The Complex simultaneous perturbation stochastic approximation generates a sequence of estimates \({\hat{{\bf{z}}}}_{k}\) of the minimizer \(\tilde{{\bf{z}}}\) of \(f({\bf{z}},{{\bf{z}}}^{\ast }):\,{{\mathfrak{C}}}^{n}\to {\mathbb{R}}\), that is, \({\bf{g}}(\tilde{{\bf{z}}},{\tilde{{\bf{z}}}}^{\ast })={\partial }_{{{\bf{z}}}^{\ast }}f(\tilde{{\bf{z}}},{\tilde{{\bf{z}}}}^{\ast })=0\). The estimate \({\hat{{\bf{z}}}}_{k}\) of \(\tilde{{\bf{z}}}\) at the k-th iteration is updated according to the iterative rule

$${\hat{{\bf{z}}}}_{k+1}={\hat{{\bf{z}}}}_{k}-{a}_{k}{\hat{{\bf{g}}}}_{k}({\hat{{\bf{z}}}}_{k},{\hat{{\bf{z}}}}_{k}^{\ast }),$$
(3)

with ak a positive gain coefficient. Equation (3) resembles the Gradient (or Steepest) descent method, an iterative optimization algorithm for real functions of real variables that takes steps proportional to the negative direction of the real-valued gradient. Instead, CSPSA is based on an estimation \({\hat{{\bf{g}}}}_{k}\) of the gradient g of f with respect to z*. The i-th component \({\hat{g}}_{k,i}\) of \({\hat{{\bf{g}}}}_{k}\) is calculated as

$${\hat{g}}_{k,i}=\frac{f({\hat{{\bf{z}}}}_{k+},{\hat{{\bf{z}}}}_{k+}^{\ast })+{\varepsilon }_{k,+}-(f({\hat{{\bf{z}}}}_{k-},{\hat{{\bf{z}}}}_{k-}^{\ast })+{\varepsilon }_{k,-})}{2{c}_{k}{\Delta }_{k,i}^{\ast }},$$
(4)

with \({\hat{{\bf{z}}}}_{k\pm }={\hat{{\bf{z}}}}_{k}\pm {c}_{k}{{\boldsymbol{\Delta }}}_{k}\) and ck a positive gain coefficient. The vector \({{\boldsymbol{\Delta }}}_{k}\in {{\mathbb{C}}}^{n}\) is randomly generated and \({\varepsilon }_{k,\pm }\) describe the presence of noise in the values of \(f({\hat{{\bf{z}}}}_{k\pm },{\hat{{\bf{z}}}}_{k\pm }^{\ast })\).

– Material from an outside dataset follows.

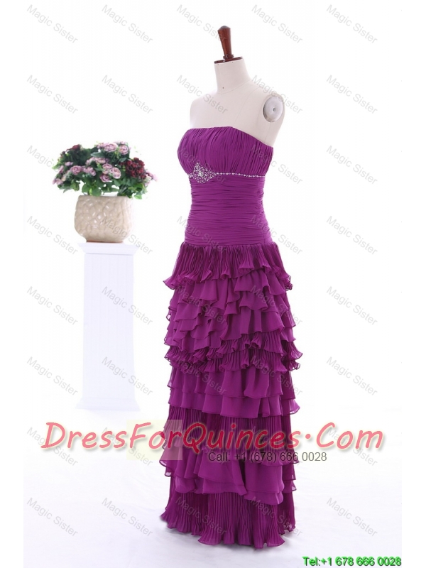 Pretty 2016 Winter Popular Empire Strapless Beaded Prom Dresses with Ruffled Layers

The estimation of g by means of evaluations of f becomes an advantage when g is not readily available. For instance, the evaluation of g is computationally resource intensive, g cannot be directly inferred from measurements in real-time applications, the exact functional relationship between f and z is unknown, or f depends on a set of unknown parameters. The estimation ĝk requires the evaluation of f at two different vectors \({\hat{{\bf{z}}}}_{k\pm }\) regardless of the underlying dimension of the optimization problem. These evaluations are carried out by simultaneously varying all components of the vector \({\hat{{\bf{z}}}}_{k}\) through the addition and subtraction of the randomly generated components of the vector Δk. CSPSA also allows for the presence of noise in the evaluations of f, which might occur due to experimental inaccuracies in the acquisition of the values of f or due to finite sample size effects. Other optimization methods have similar properties, for instance Simultaneous perturbation methods (SPM)20 and the Finite difference stochastic approximation (FDSA)21, which unlike CSPSA work on the field of the real numbers. SPM and FDSA are employed to optimize real-valued functions f(x) with \({\bf{x}}\in {{\mathbb{R}}}^{n}\) and are based on the update rule xk+1 = xk − akĝk(xk), where ĝk(xk) is an estimation of the real-valued gradient xf(xk). This estimation is calculated on a point xk, which is generated by means of a stochastic process. However, CSPSA maintains all calculations and updates of \({\hat{{\bf{z}}}}_{k}\), f and ĝk within the field of complex numbers.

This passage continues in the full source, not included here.